Problem: Begin at the line below that has "- затем нажимаем". Stop after the line that has "A. Doğan Günsav'ın", repeating each line exactly and leaving out the pictures.

───── Extracted material

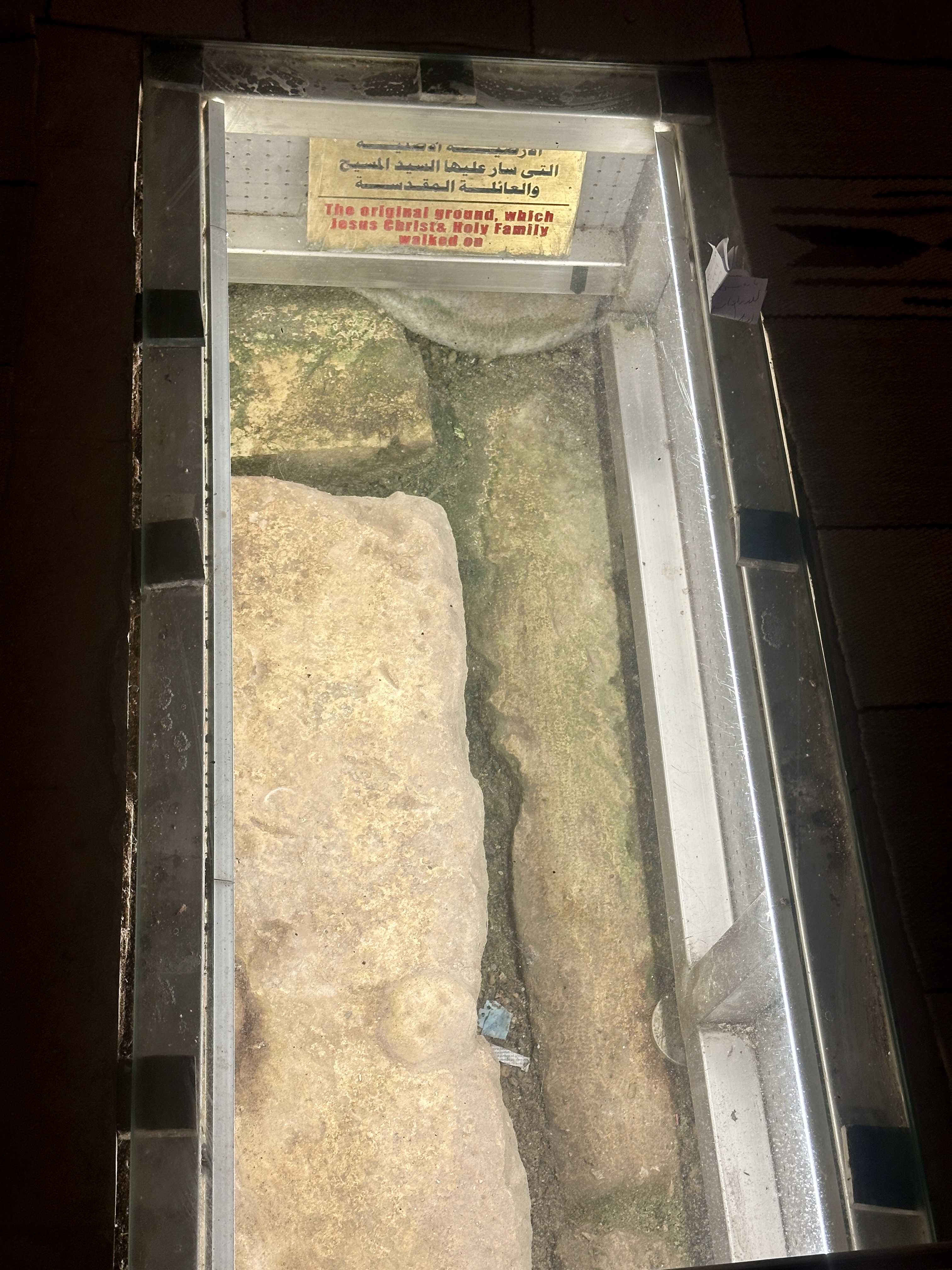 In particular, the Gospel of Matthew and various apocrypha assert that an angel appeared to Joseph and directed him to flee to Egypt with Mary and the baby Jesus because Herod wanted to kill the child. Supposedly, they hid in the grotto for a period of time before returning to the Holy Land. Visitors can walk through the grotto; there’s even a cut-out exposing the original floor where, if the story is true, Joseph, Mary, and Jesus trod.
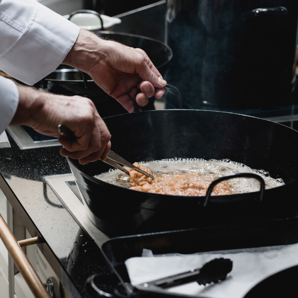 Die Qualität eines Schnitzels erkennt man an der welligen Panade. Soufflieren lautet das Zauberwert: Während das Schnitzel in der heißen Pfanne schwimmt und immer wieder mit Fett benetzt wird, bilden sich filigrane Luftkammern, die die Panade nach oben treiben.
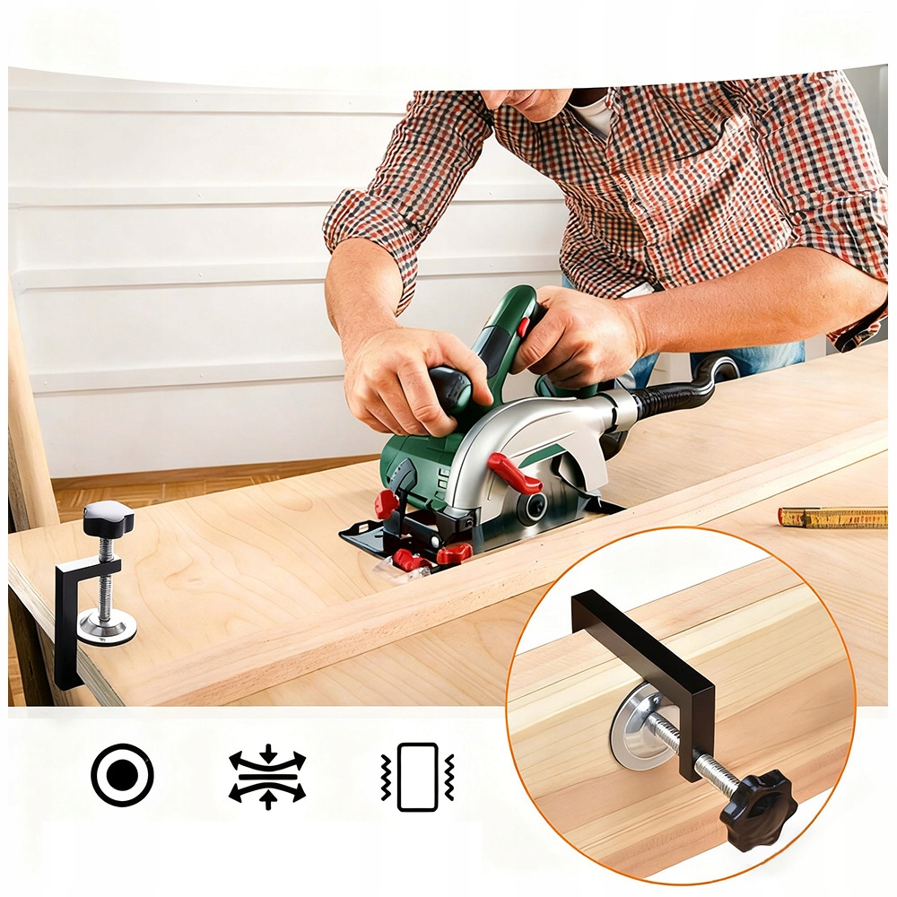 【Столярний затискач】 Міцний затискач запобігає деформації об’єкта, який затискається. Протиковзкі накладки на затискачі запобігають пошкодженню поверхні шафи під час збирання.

──────────
───── Extracted material

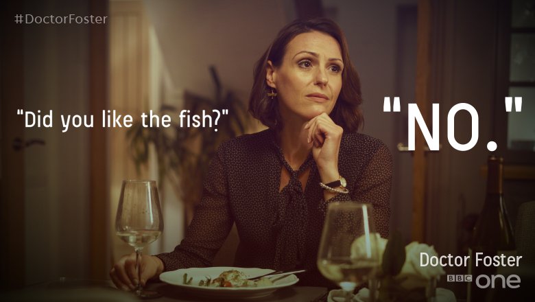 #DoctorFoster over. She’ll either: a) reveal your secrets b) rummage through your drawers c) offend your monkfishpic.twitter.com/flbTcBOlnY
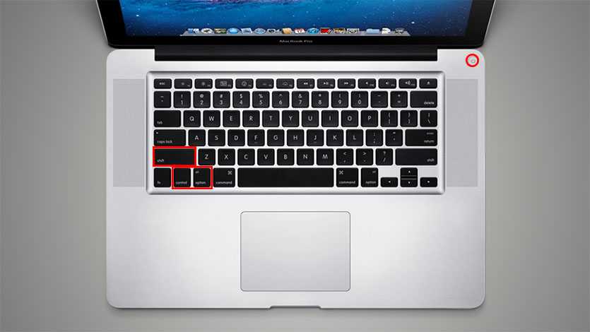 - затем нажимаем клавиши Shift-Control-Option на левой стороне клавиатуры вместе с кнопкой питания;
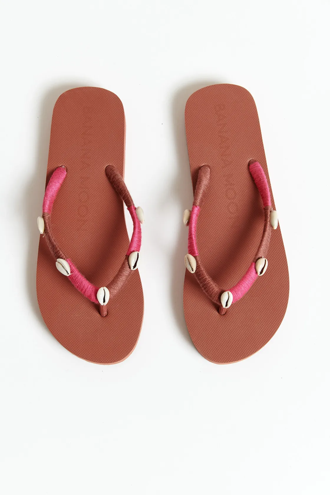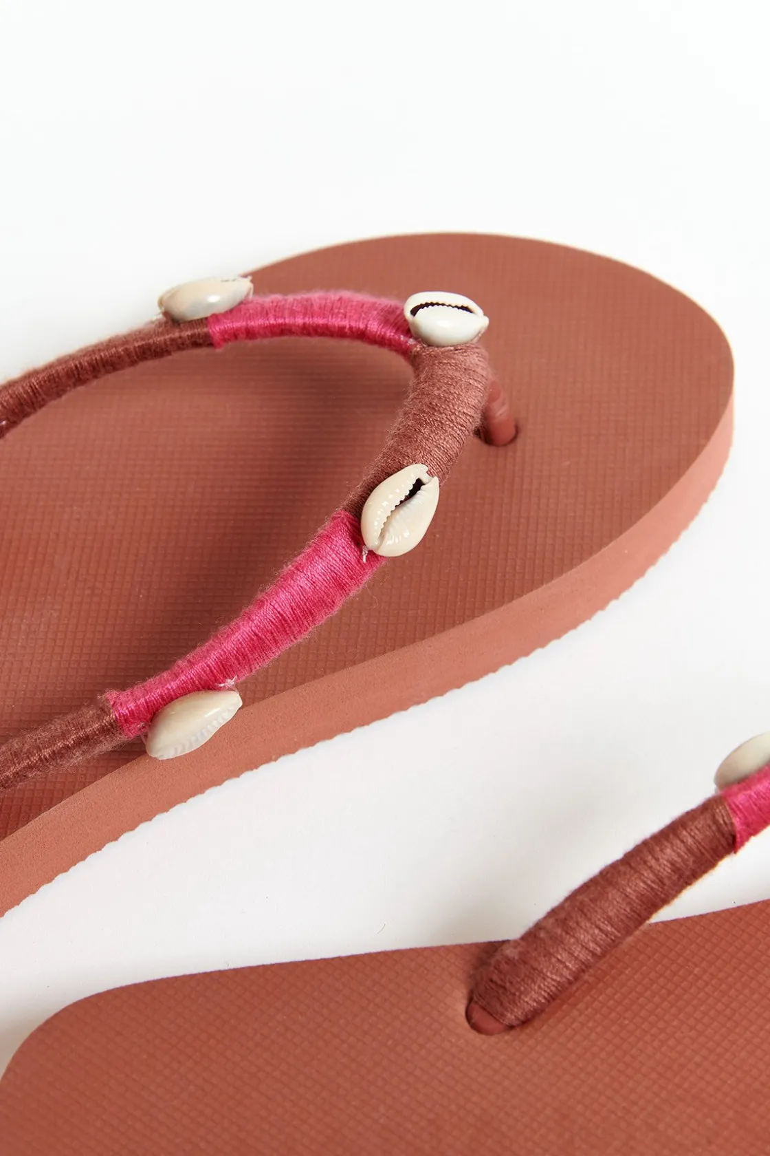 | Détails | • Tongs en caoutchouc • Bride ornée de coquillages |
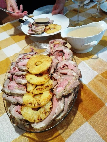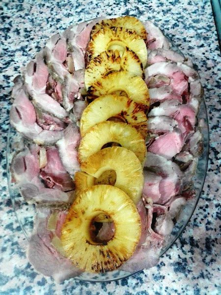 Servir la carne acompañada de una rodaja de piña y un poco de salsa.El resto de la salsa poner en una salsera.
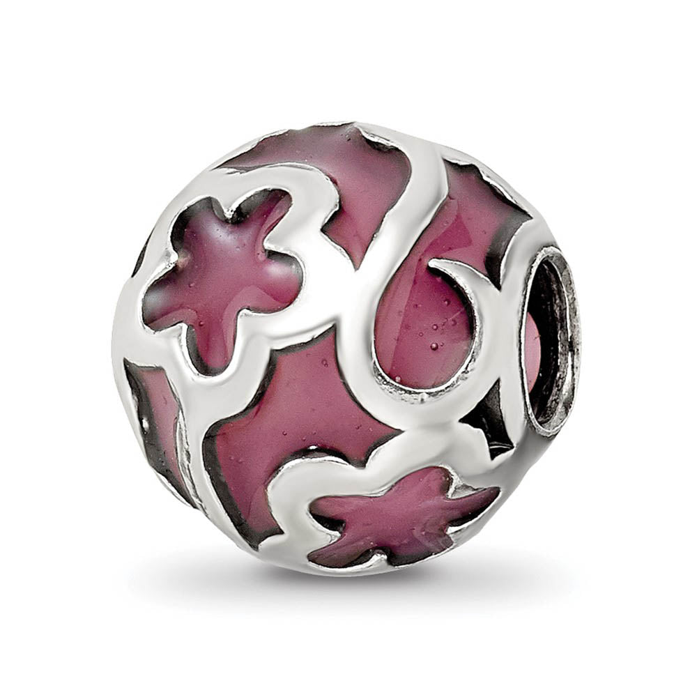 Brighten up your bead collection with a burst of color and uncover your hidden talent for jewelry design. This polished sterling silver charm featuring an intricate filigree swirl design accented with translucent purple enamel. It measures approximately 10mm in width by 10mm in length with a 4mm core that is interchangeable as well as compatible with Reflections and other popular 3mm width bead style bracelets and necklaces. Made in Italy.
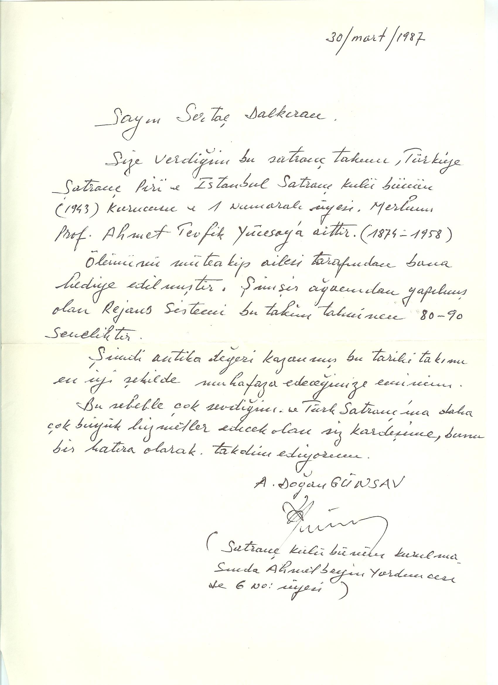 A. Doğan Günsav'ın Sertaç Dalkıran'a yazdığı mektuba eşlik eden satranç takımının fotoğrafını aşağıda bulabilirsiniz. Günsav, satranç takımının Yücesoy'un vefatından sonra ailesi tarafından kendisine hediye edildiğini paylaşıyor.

──────────

Solution for this task:
 - затем нажимаем клавиши Shift-Control-Option на левой стороне клавиатуры вместе с кнопкой питания;
 | Détails | • Tongs en caoutchouc • Bride ornée de coquillages |
 Servir la carne acompañada de una rodaja de piña y un poco de salsa.El resto de la salsa poner en una salsera.
 Brighten up your bead collection with a burst of color and uncover your hidden talent for jewelry design. This polished sterling silver charm featuring an intricate filigree swirl design accented with translucent purple enamel. It measures approximately 10mm in width by 10mm in length with a 4mm core that is interchangeable as well as compatible with Reflections and other popular 3mm width bead style bracelets and necklaces. Made in Italy.
 A. Doğan Günsav'ın Sertaç Dalkıran'a yazdığı mektuba eşlik eden satranç takımının fotoğrafını aşağıda bulabilirsiniz. Günsav, satranç takımının Yücesoy'un vefatından sonra ailesi tarafından kendisine hediye edildiğini paylaşıyor.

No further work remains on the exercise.